Department of Otorhinolaryngology, Radboudumc, 6525 GA Nijmegen, The Netherlands.
Donders Institute for Brain, Cognition and Behaviour, Radboudumc, 6525 GA Nijmegen, The Netherlands.
Genes (Basel). 2023 Feb 10;14(2):457. doi: 10.3390/genes14020457.
The aim of this study is to contribute to a better description of the genotypic and phenotypic spectrum of DFNA6/14/38 and aid in counseling future patients identified with this variant. Therefore, we describe the genotype and phenotype in a large Dutch-German family (W21-1472) with autosomal dominant non-syndromic, low-frequency sensorineural hearing loss (LFSNHL). Exome sequencing and targeted analysis of a hearing impairment gene panel were used to genetically screen the proband. Co-segregation of the identified variant with hearing loss was assessed by Sanger sequencing. The phenotypic evaluation consisted of anamnesis, clinical questionnaires, physical examination and examination of audiovestibular function. A novel likely pathogenic variant (NM_006005.3:c.2512C>T p.(Pro838Ser)) was identified in the proband and found to co-segregate with LFSNHL, characteristic of DFNA6/14/38, in this family. The self-reported age of onset of hearing loss (HL) ranged from congenital to 50 years of age. In the young subjects, HL was demonstrated in early childhood. At all ages, an LFSNHL (0.25-2 kHz) of about 50-60 decibel hearing level (dB HL) was observed. HL in the higher frequencies showed inter-individual variability. The dizziness handicap inventory (DHI) was completed by eight affected subjects and indicated a moderate handicap in two of them (aged 77 and 70). Vestibular examinations ( = 4) showed abnormalities, particularly in otolith function. In conclusion, we identified a novel variant that co-segregates with DFNA6/14/38 in this family. We found indications of mild vestibular dysfunction, although it is uncertain whether this is related to the identified variant or is an incidental finding. We would like to emphasize that conventional neonatal hearing screening programs are not sensitive to HL in DFNA6/14/38 patients, because high-frequency hearing thresholds are initially preserved. Therefore, we suggest screening newborns in DFNA6/14/38 families with more frequency-specific methods.

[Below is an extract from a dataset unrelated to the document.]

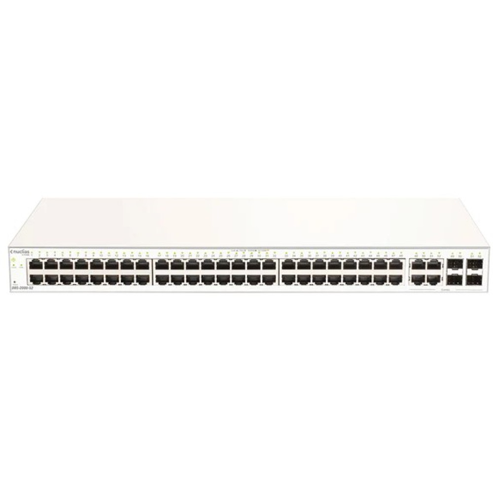 The DBS-2000-52 Nuclias Cloud-Managed Switch is deployed as a pre-configured, zero configuration switch controlled through the Nuclias Cloud. It is a best-in-class switch designed specifically for distributed networks, featuring 52 ports with 4 combo GE/SFP ports.
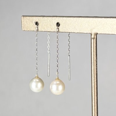 上質なアコヤ真珠をあしらったK14WGのロングチェーンピアスです。

本研究旨在更详细地描述 DFNA6/14/38 的基因型和表型谱,并为未来诊断出携带该变异的患者提供咨询。因此,我们描述了一个荷兰-德国大家庭(W21-1472)中常染色体显性非综合征性低频感音神经性听力损失(LFSNHL)的基因型和表型。对先证者进行了外显子组测序和听力障碍基因panel 的靶向分析,以进行基因筛查。通过 Sanger 测序评估所识别的变异与听力损失的共分离情况。表型评估包括病史、临床问卷、体格检查和听前庭功能检查。在该家族中,在先证者中发现了一个新的可能致病性变异(NM_006005.3:c.2512C>T p.(Pro838Ser)),该变异与 LFSNHL 共分离,具有 DFNA6/14/38 的特征。听力损失(HL)的自我报告发病年龄从先天性到 50 岁不等。在年轻受试者中,HL 表现为幼儿期。在所有年龄段,均观察到约 50-60 分贝听力水平(dB HL)的低频感音神经性听力损失(LFSNHL(0.25-2 kHz))。高频 HL 具有个体间的变异性。八位受影响的受试者完成了眩晕残疾量表(DHI),其中两位(77 岁和 70 岁)表现出中度残疾。(= 4)的前庭检查显示异常,特别是在耳石功能方面。总之,我们在该家族中鉴定出一个与 DFNA6/14/38 共分离的新型变异。我们发现存在轻度前庭功能障碍的迹象,尽管尚不确定这是否与所鉴定的变异有关,还是偶然发现。我们想强调的是,常规的新生儿听力筛查方案对 DFNA6/14/38 患者的 HL 不敏感,因为高频听力阈值最初是保留的。因此,我们建议使用更具频率特异性的方法对 DFNA6/14/38 家族的新生儿进行筛查。